Tom Metier, '94 Grad. Trial Lawyers College List Serve,
6/14/2012.
Warriors and Grad II'ers,
Pleased
to report that Mike Chaloupka (TLC '11) and I obtained a verdict against Auto
Owners Insurance last Friday evening.
Gary was hit on Christmas day, 2006, while driving a full
size Chevy GMC pickup. SUV blew through
a stop light and T-boned him on the driver's side. Gary suffered 6 broken ribs and a torn labrum
of the left shoulder which required arthroscopic surgery repair in April, 2007,
followed by some PT. Ribs completely
healed. No future medicals. No past or future wage loss. Medicals were $30,000, including the three
day stay in the hospital immediately after the crash for pain management of the
broken ribs.
Farmer's had the liability policy and paid $50,000 policy
limits w/in the first year. Gary had UIM
coverage through Auto Owners of $500,000.
Auto Owners was given a medical release by Gary, but not a list of
medical providers. In September, 2007
Auto Owners used the medical release to obtain the medical records
contained in Farmer's adjuster file. Auto Owners never requested any medical
records using the release at any time thereafter, electing instead to continue
to try to place the burden of obtaining bills and records on Gary by writing a
letter every 3 to 6 months asking for updated information and
records/bills. Gary never responded,
completely confident that his insurance company, Auto Owners, would obtain all
such records and information and be updated and ready to make an offer to him
when he notified Auto Owners he was ready to settle. After all, that is what they promised, wasn't
it?
Auto Owners failed to investigate, evaluate and make an
offer to Gary, forcing client to hire attorneys and file suit on December 22,
2009 (three days before the statute of limitations ran).

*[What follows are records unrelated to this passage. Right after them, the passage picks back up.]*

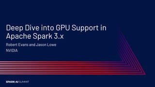 The document details advancements in GPU support in Apache Spark 3.x, highlighting features such as accelerated SQL and DataFrames, GPU-aware scheduling, and data discovery for resource management. It showcases performance comparisons between GPU and CPU processing in ETL tasks, illustrating significant time and cost savings. Future developments include open sourcing the RAPIDS accelerator and enhancing support for nested types and higher-order functions.
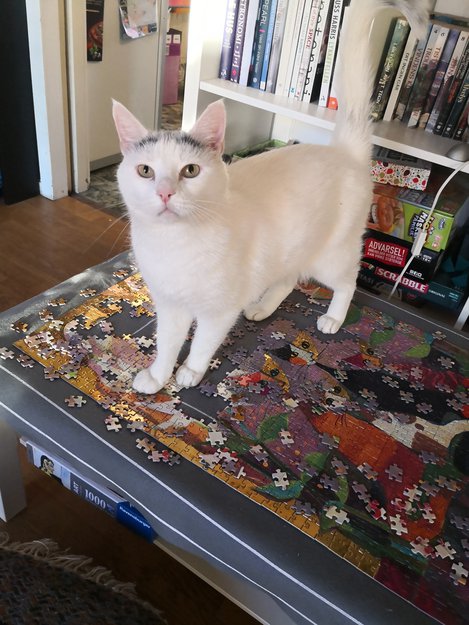 Slank og lang katte. Spesiell tegning i ansiktet.
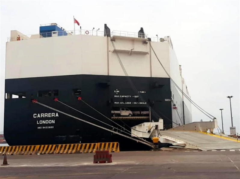 El martes 21 de junio, el car carrier “Carrera”, se convirtió en el primero de la línea naviera ZIM en recalar en el Muelle Norte del Puerto del Callao. Proveniente de Yokohama, Japón, arribó con un total de 2.867 vehículos nuevos. La recalada fue posible gracias a las obras de modernización- recientemente culminadas- del Muelle Norte como puerta exclusiva para carga rodante.
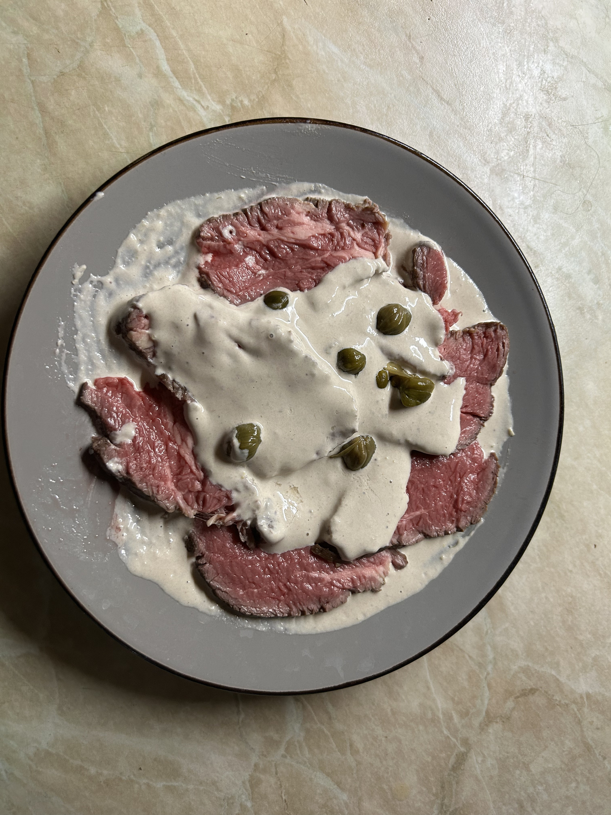 Для начала немного базы: вителло-тоннато, это классическая итальянская закуска, представляющая из себя: нарезанный ростбиф и соус из тунца, он по факту так и переводится: "ростбиф и тунец", т.к. оба эти части можно использовать раздельно друг от друга я разделю и рецепт, ну что же погнали!
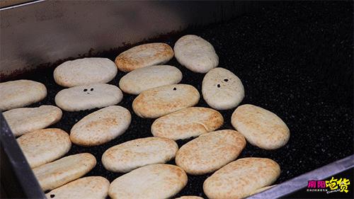石子下铺上盖,底下大火烙石鏊,圆饼在石子中间慢慢膨胀,逐渐变胖起来,多了些圆润。
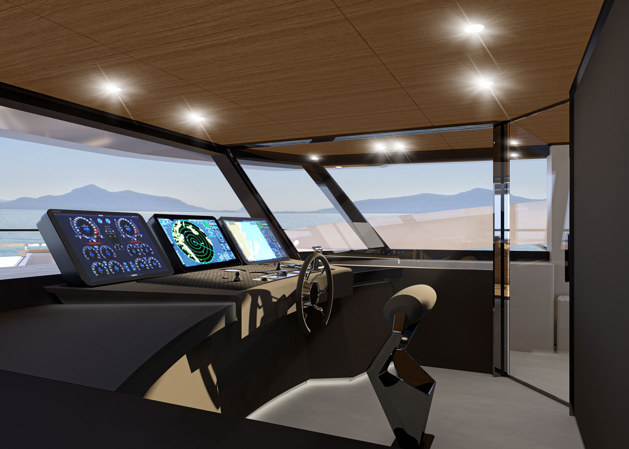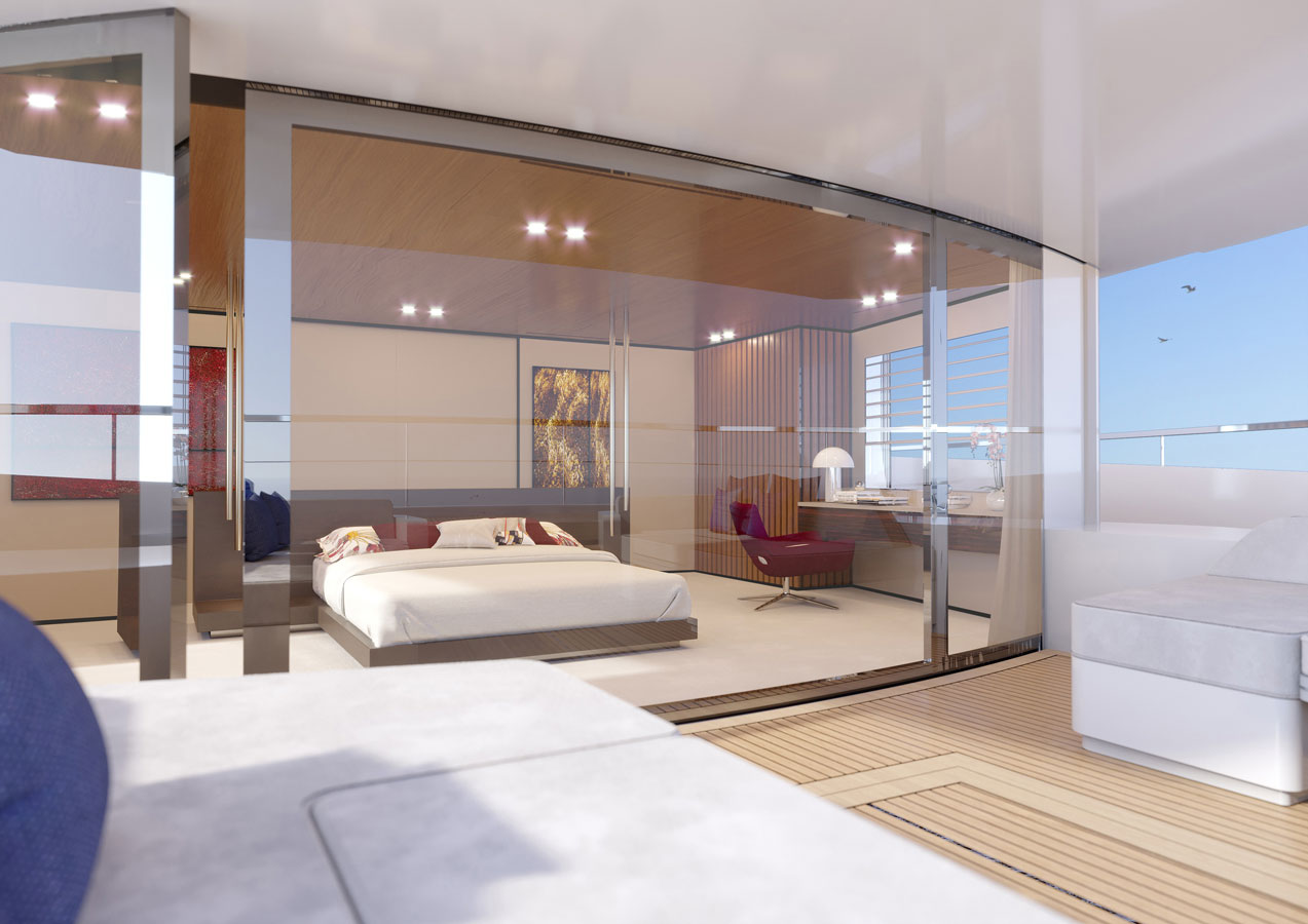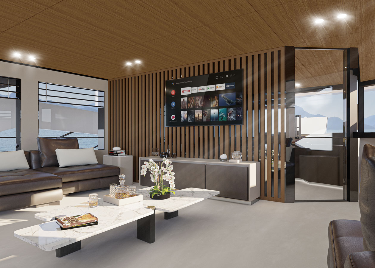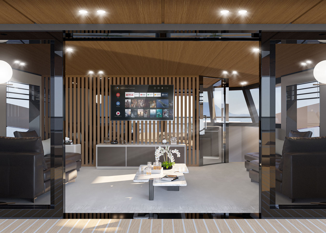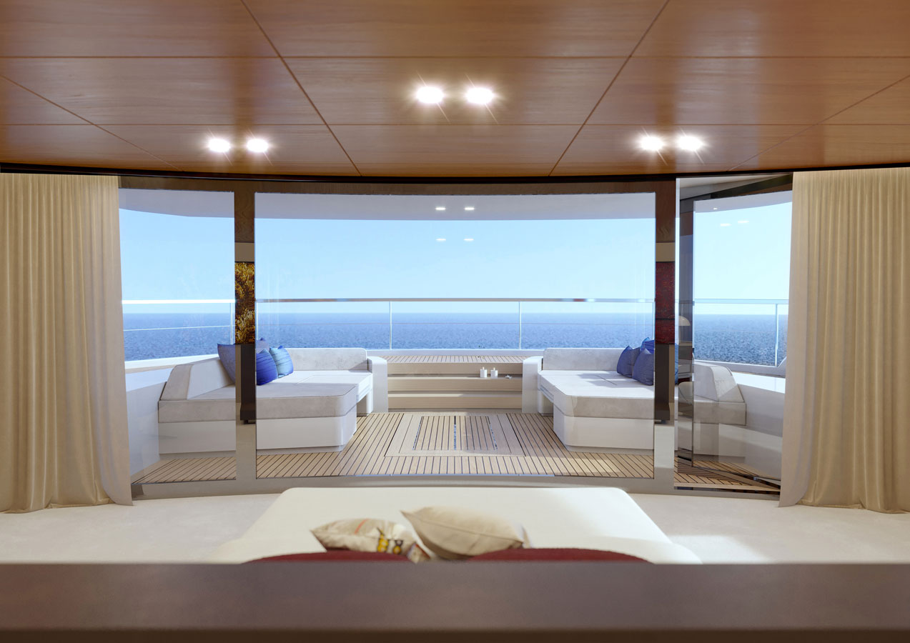 Large windows, full contact with the sea, versatility and privacy are just a few of the main features. The aft main deck offers a stunning 360-degree view thanks to the uninterrupted windows and flush doors surrounding the guests.
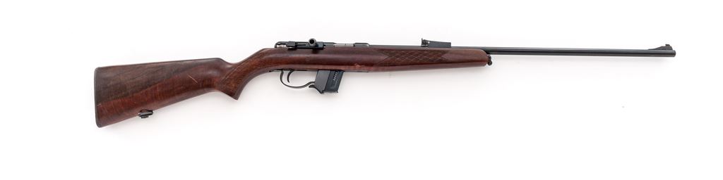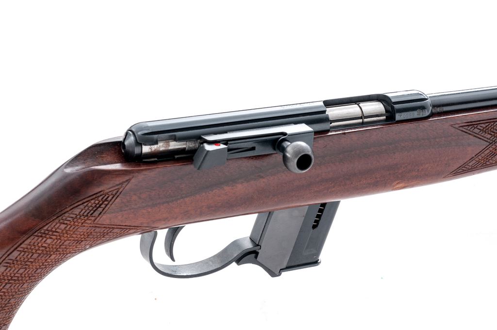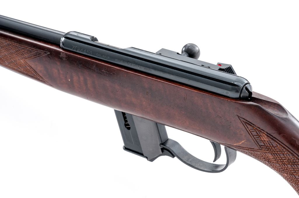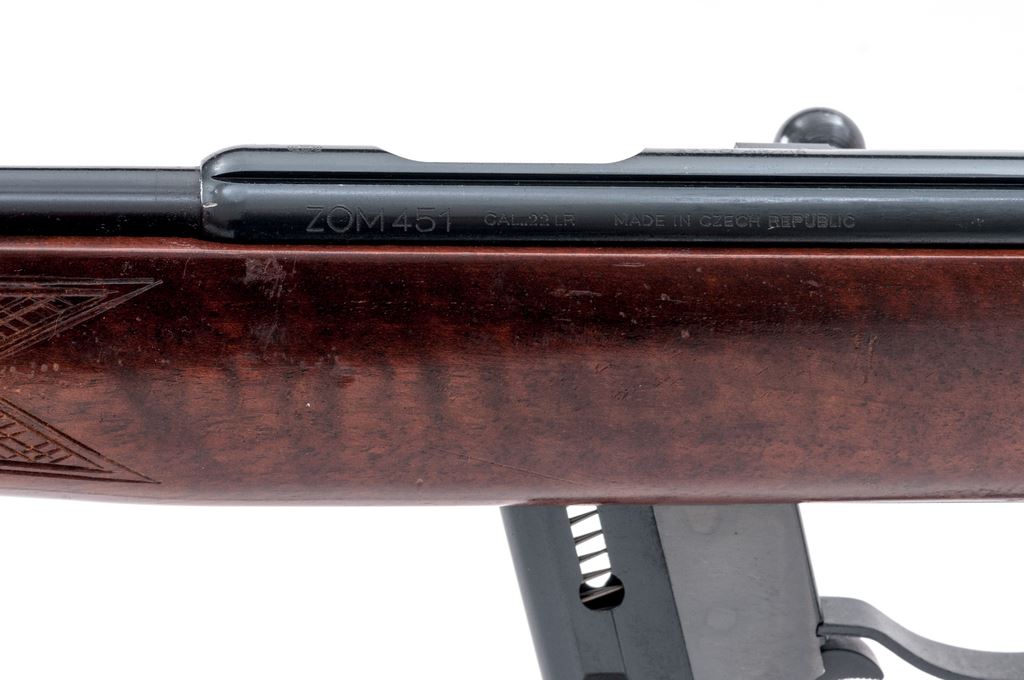 BRNO Model ZOM-451 Straight-Pull Rifle, #0988, .22 LR cal., 23'' barrel, blue finish, one-piece pistol-grip walnut stock with checkering at the wrist and forend, black composite CZ buttplate, and sling swivels. Blade front sight and fully adjustable notched rear sight, factory grooved receiver, bolt-mounted safety, and includes one magazine. Made in the Czech Republic. Bottom of barrel is import marked. Metal is near excellent retaining approx. 98% blue. Factory lettering, proofmarks, etc. are clear. Top of barrel in front of rear sight with a noticeable scratch. Stock is good with general scuffs, surface dents and scratches; edge of pistol grip is chipped. Good action, bright bore with excellent rifling. Est.: $125-$225. (Modern)

Auto Owners admitted defendant driver was 100% at fault,
so trial was about injury causation, damages and unreasonable delay by Auto
Owners.
Auto
Owner's defended by denying the nature and extent of the injuries; by blaming our client for not providing names
of medical providers; by claiming that
Auto Owner's couldn't evaluate the claim without the names of the medical
providers; and by blaming Gary for not making a demand to which Auto Owner's
could respond with an offer.
Mike
Chaloupka did a wonderful job of presenting direct exam of Gary and making
clear his injuries and substantial distress at how he was treated by Auto
Owners. Mike also presented the lay
witnesses at trial, keeping their testimonies short and powerful. Mike presented the testimony of Dr. David
Reinhard, who was Auto Owner's hand selected IME. We did not call any treating physicians,
electing to call defendant's IME, together with a physical therapist.
As to
TLC techniques, Mike and I shared voir
dire. Mike was superb, immediately
connecting with the jury in his smiling relaxed manner as he took over the voir dire which I had started. Mike had used several focus groups to
prepare his case and to work through the themes he used with his witnesses. Part of our discovery with our client Gary
had to do with Gary's deep distress at
having to file a law suit to obtain insurance benefits for which he had paid. He had purchased his UIM coverage so that his
family would be protected and so that he specifically would not have to go to
trial. He was also concerned about how
he would be perceived in his community if it was known that he had sued and
gone to trial over a personal injury. At
the same time this very morally conscious man knew he had to stand for what was
right. Our theme was the insurance
company betrayal of him on breach of their promise to investigate, evaluate,
communicate and make a reasonable offer to him, so that he could avoid trial.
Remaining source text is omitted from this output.